##### Data excerpt
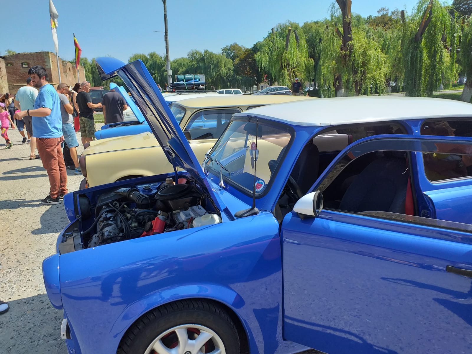 - ,,Am fost și anul trecut la acest festival, unde m-am simțit foarte bine. Am venit anul acesta cu un trabant model 1.1., cu un motor de 1043 cm cubi, capota din tablă, iar materialul din duro-plast. Mașina nu este de paradă, ci e mașina mea de toate zilele. Este ultimul tip fabricat în anul 1991. Parcurg 10.000 de km pe an, fac naveta din Reșița la socri, merg la întâlniri, cumpărături. Dacă era mașină de paradă nu ar fi arătat atât de bine“ a spus Muscai Cristian din Reșița, inginer de profesie.
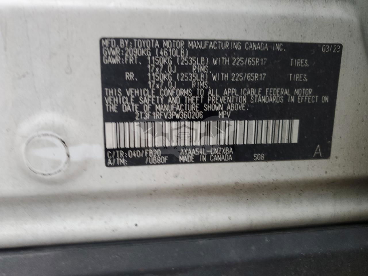 • VIN: 2T3F1RFV3PW360206
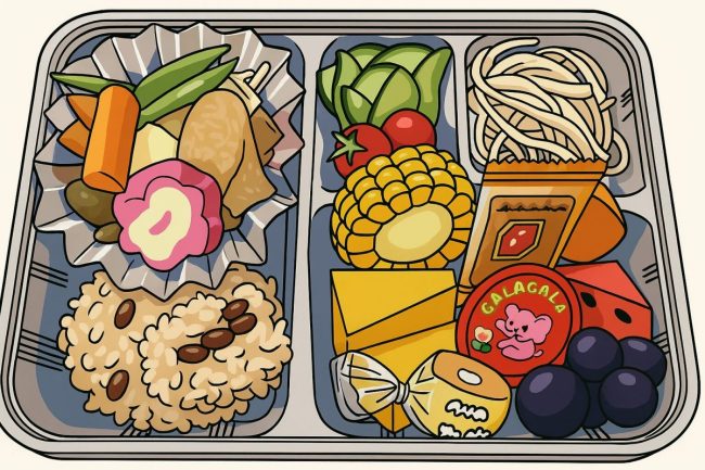 これは「法界折(ほっかいおり/ほうかいおり)」と呼ばれる折詰めを使い、精進料理を基本に、赤飯(または黒豆ご飯)、煮しめ、煮豆、季節の果物、お菓子などが彩りよく詰められています。
##########
* [Exercise description]:
Word for word, reproduce the listing above; no image should be carried over.

* [Answer space]:
 - ,,Am fost și anul trecut la acest festival, unde m-am simțit foarte bine. Am venit anul acesta cu un trabant model 1.1., cu un motor de 1043 cm cubi, capota din tablă, iar materialul din duro-plast. Mașina nu este de paradă, ci e mașina mea de toate zilele. Este ultimul tip fabricat în anul 1991. Parcurg 10.000 de km pe an, fac naveta din Reșița la socri, merg la întâlniri, cumpărături. Dacă era mașină de paradă nu ar fi arătat atât de bine“ a spus Muscai Cristian din Reșița, inginer de profesie.
 • VIN: 2T3F1RFV3PW360206
 これは「法界折(ほっかいおり/ほうかいおり)」と呼ばれる折詰めを使い、精進料理を基本に、赤飯(または黒豆ご飯)、煮しめ、煮豆、季節の果物、お菓子などが彩りよく詰められています。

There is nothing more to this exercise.